Alternately, we can shove it all into `summary`

.

`lapply(diet, summary)`

```
## $A
## Min. 1st Qu. Median Mean 3rd Qu. Max.
## 1.000 1.133 1.495 1.584 1.933 2.630
##
## $B
## Min. 1st Qu. Median Mean 3rd Qu. Max.
## 0.960 1.558 2.275 2.906 3.495 6.960
##
## $C
## Min. 1st Qu. Median Mean 3rd Qu. Max.
## 2.070 4.065 5.450 5.707 6.840 10.330
##
## $D
## Min. 1st Qu. Median Mean 3rd Qu. Max.
## 0.680 0.765 1.060 1.190 1.347 2.080
##
## $E
## Min. 1st Qu. Median Mean 3rd Qu. Max.
## 1.360 1.627 2.500 2.923 4.357 5.210
```

- Both indicate substantial changes in mean (and median). Populations A and D are similar, whilst so are B and E, with C in a league of its own.

- (5 pts)
*Construct a helpful plot to compare your data, I suggest a boxplot. If you can create a single boxplot to summarize all diets together, even better. Comment on this plot, which ones appear to be equal?*

`boxplot(diet, ylab="iron", xlab="diet", main="Iron Diets")`

- This confirms what we observed above: Populations A and D are similar, whilst so are B and E, with C in a league of its own.

- (10 pts)
*Perform the test “using a software library”. You should provide the hypotheses, and values for the test statistic and \(p\)-value. Conduct Pairwise comparisons if appropriate, note you can use the Wilcoxon test to do so.*

We start with a Kruskal–Wallis test with the following hypotheses.
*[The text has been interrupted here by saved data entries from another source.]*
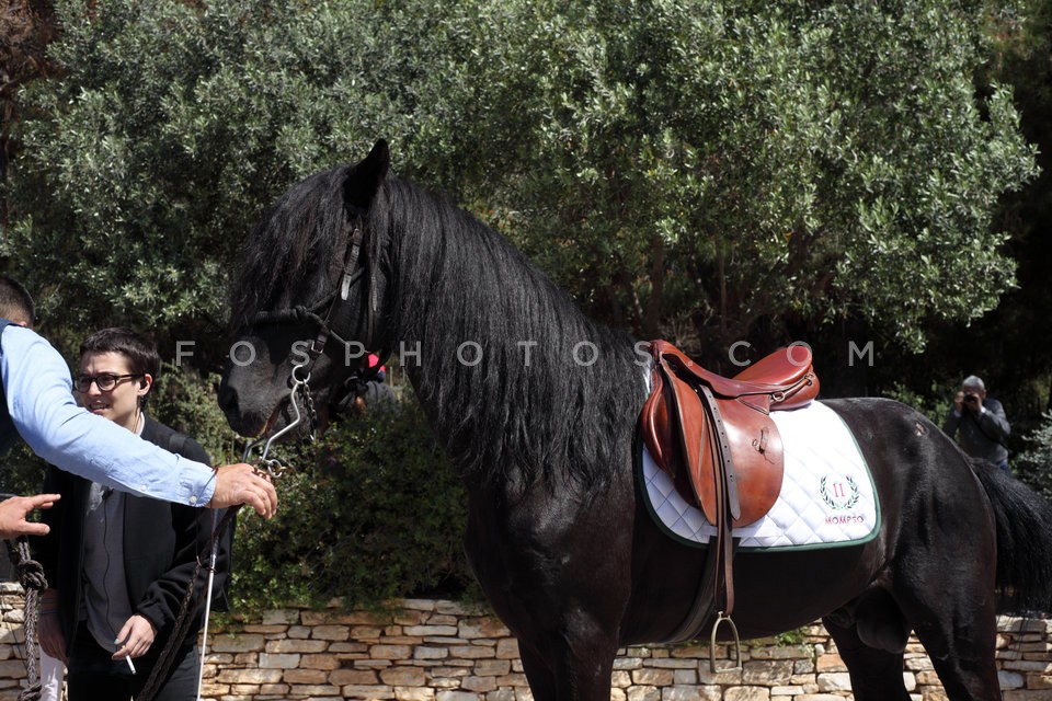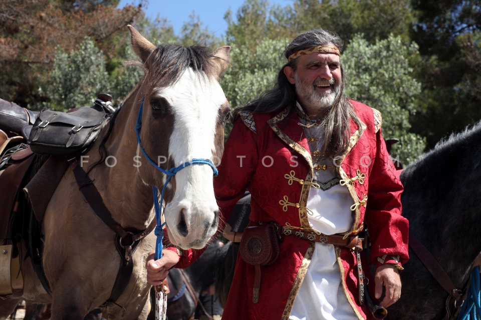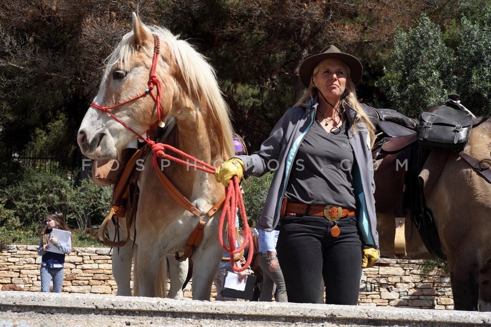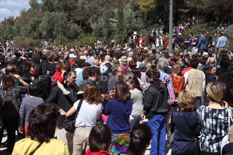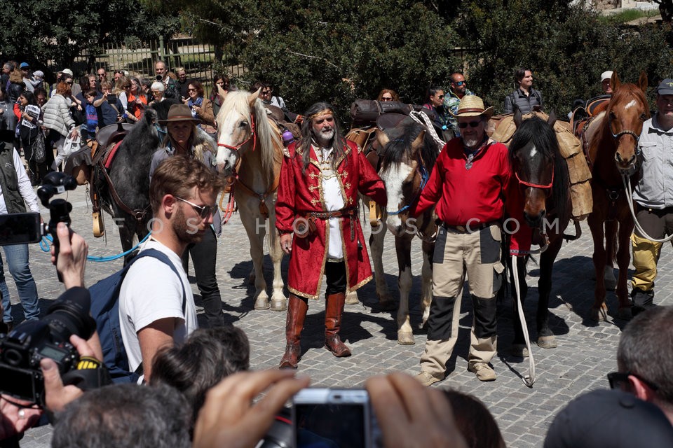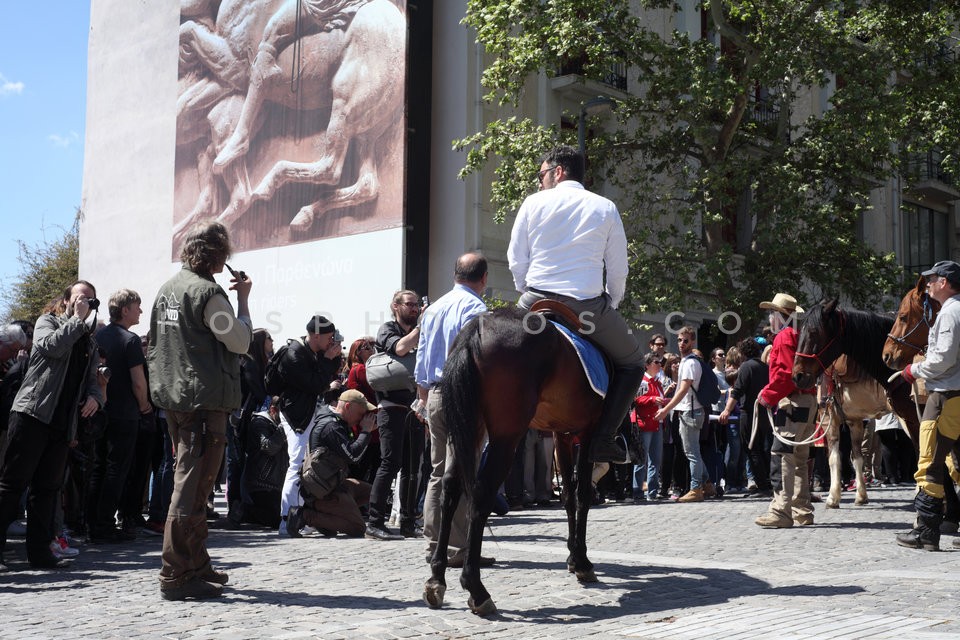 11 horses and riders on Dionysiou Areopa…
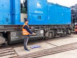 Anschließend wird über die Drehscheibe die Fahrt zum Zug dokumentiert.
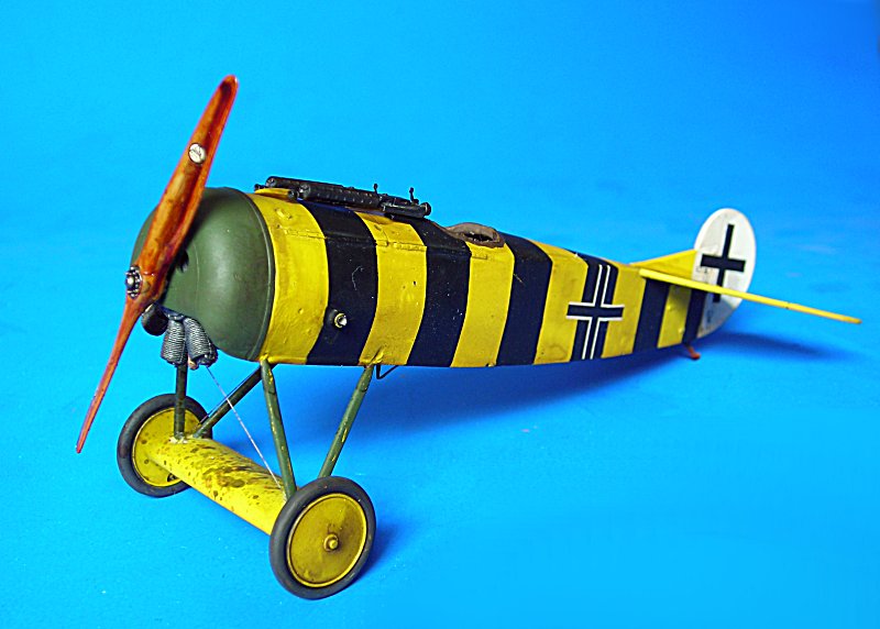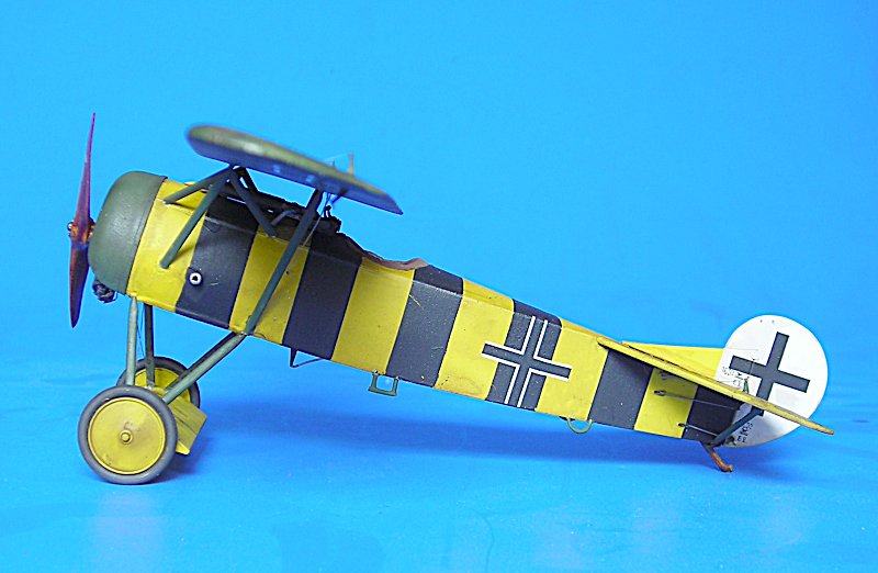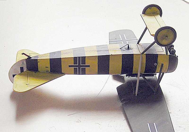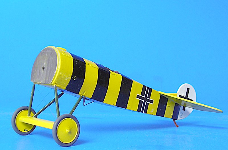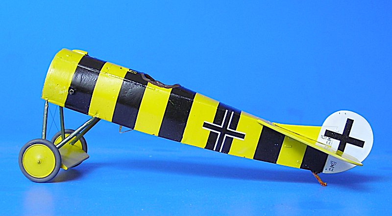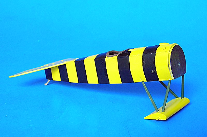 Nun ging es zurück zum Rumpf. Das Cockpit habe ich abgeklebt und die gesamte Baugruppe mit Weiß grundiert (Gunze H11). Nach kurzem Antrocknen folgte gleich Gelb (Gunze H4) und dann hieß es wieder warten. Da ich ja die Abziehbilder für die Streifen verwenden wollte, erhielt der Rumpf noch eine Schicht Klear. Nach wiederum aureichender Zeit zum Durchtrocknen, brachte ich die Streifendecals auf. Diese passten natürlich nicht ganz, darüber hinaus waren sie auch sehr spröde und brachen schnell. Mir war aber die Nacharbeit bzw. Korrektur lieber, als das Ausmessen und Abkleben des Rumpfes .. suum cuique, wie man so schön sagt. Bevor ich die fertigen Räder anklebte, habe ich noch die Verspannung des Fahrwerks erledigt. Dazu habe ich wieder Polyamidgarn in "smoke" verwandt.

\[ \begin{aligned} \mathcal{H}_0 &: \; \mbox{All five population distributions functions are identical.} \\ \mathcal{H}_1 &: \; \mbox{At least one of the populations tends to yield larger observations} \\ & \;\;\;\; \mbox{than at least on of the other populations.} \end{aligned} \]

`kruskal.test(diet)`

```
##
## Kruskal-Wallis rank sum test
##
## data: diet
## Kruskal-Wallis chi-squared = 26.672, df = 4, p-value = 2.315e-05
```

- An easy reject of the null: there are differences between (some of) the populations.

Consider the following pairwise Wilcox tests, with CLT approximations due to ties where appropriate.

```
p.values <- c(AB=wilcox.test(diet$A, diet$B)$p.value,
AC=wilcox.test(diet$A, diet$C)$p.value,
AD=wilcox.test(diet$A, diet$D, exact=FALSE, correct=FALSE)$p.value,
AE=wilcox.test(diet$A, diet$E)$p.value,
BC=wilcox.test(diet$B, diet$C)$p.value,
BD=wilcox.test(diet$B, diet$D, exact=FALSE, correct=FALSE)$p.value,
BE=wilcox.test(diet$B, diet$E)$p.value,
CD=wilcox.test(diet$C, diet$D)$p.value,
CE=wilcox.test(diet$C, diet$E)$p.value,
DE=wilcox.test(diet$D, diet$E)$p.value)
p.values[p.values >= 0.05]
```

```
## AB AD BE
## 0.1431401 0.1039797 0.9117972
```

- The conclusion is that A is similar to B and D, but those latter two are not similar to one another. B and E are similar to each other. All other pairs involve rejections at the 5% level.

- However, notice that we have performed ten tests — we can expect both type I and type II errors to be substantial in this multiple comparison context.